Conjectured to be a permutation of the positive integers in which primes appear in natural order. The even bisection, when divided by 2, reproduces the sequence.
LINKS
Michael De Vlieger, Log log scatterplot of a(n), n = 1..2^12.
Michael De Vlieger, Labeled fan-style binary tree showing a(n), n = 1..2^12 in levels k such that n = 2^k+1..2^(k+1), with a color function indicating a(2^k) and a(n), where a(n) = a(2^k) in green, a(n) < a(2^k) in blues, and a(n) > a(2^k) in yellows, oranges, and reds.
FORMULA
a(2*n)/2 = a(n); n >= 1.
a(2^n - 1) = prime(n); n >= 2.
a(2^n + 1) = prime(n)^2; n >= 2.
At the occurrence of 2^n (n >= 3) the following pattern of five successive terms is observed: 3*prime(n-1), 2*prime(n-1), prime(n), 2^n, prime(n)^2, ....

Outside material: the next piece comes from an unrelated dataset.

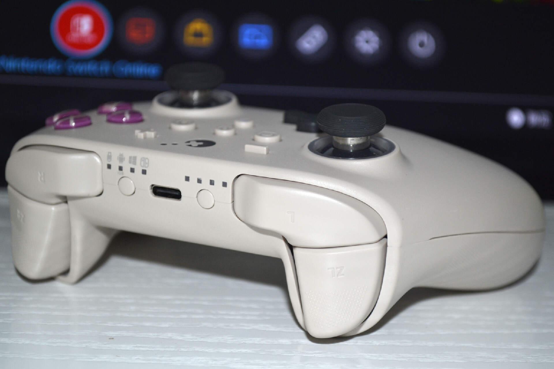 手柄整体形态遵循人体工程学,在长时间握持时也非常的舒适。手柄正面标志性的A、B、X、Y四键,采用SWITCH的布局方式。精准的十字键和两个灵敏的摇杆,优化用户的操控体验。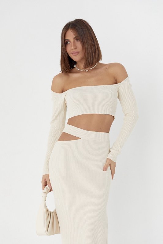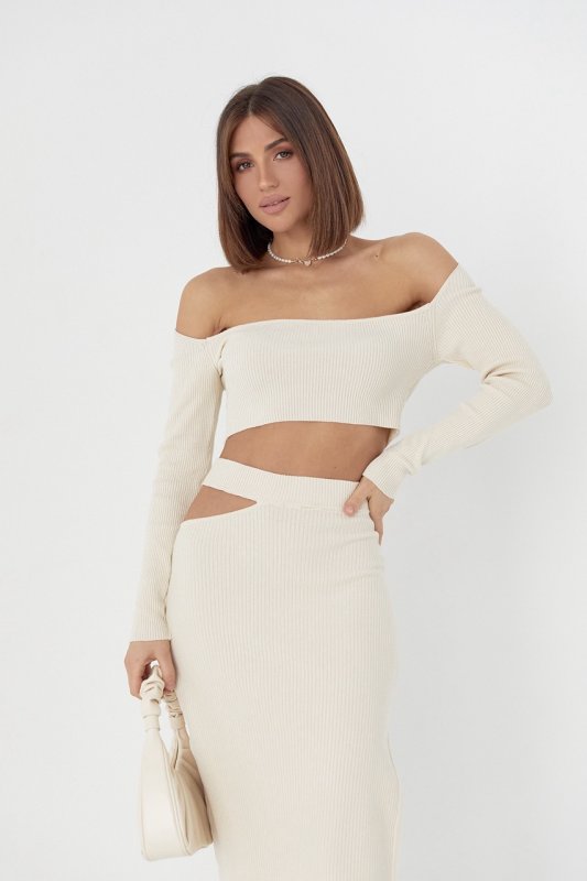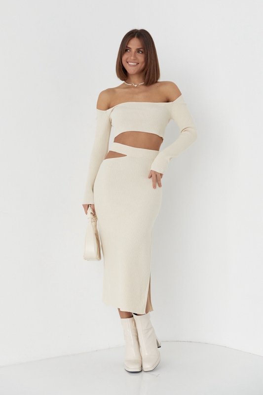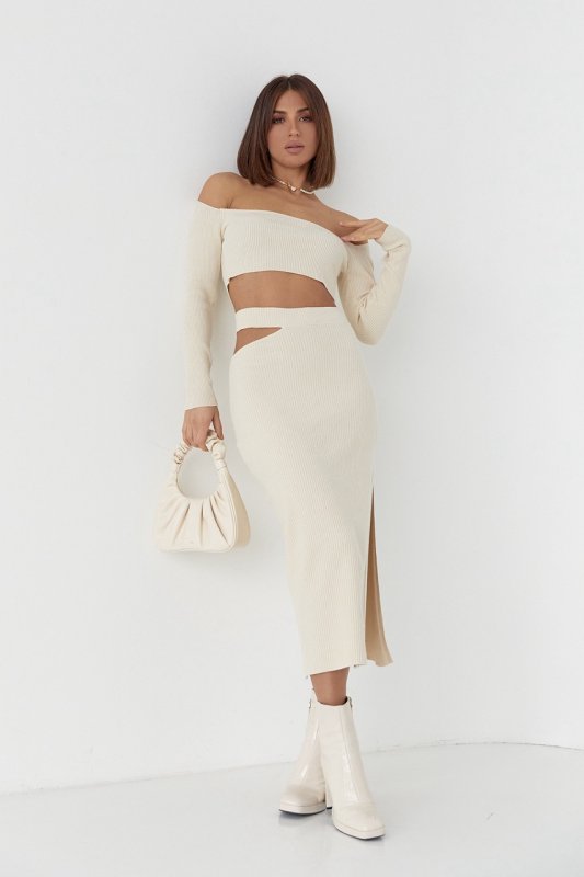 Укороченная кофточка в рубчик с квадратной горловиной, подчеркнет вашу женственность, а приталенная юбка длинны миди, идеально фиксируется на талии благодаря эффектному поясу-резинке. Приятная к телу ткань – плотный трикотаж с эластичным эффектом, придаст вам комфорт и согреет в прохладный день.

For n >= 2, a(2^n + 1)/a(2^n - 1) = prime(n); compare with A357057).
EXAMPLE
a(3) = 3 because 3 = 2^2 - 1, so k = 1 and 3 is the least odd prime multiple of a(1).
a(7) = 5 because 7 = 2^3 - 1, k = 1, a(1) = 1 and 5 is the least multiple of 1 not seen already. (At this point a(5), a(6) have not been found.)
a(6) = 6 since k = 2, a(2) = 2, and 3*2 is the least number not seen already.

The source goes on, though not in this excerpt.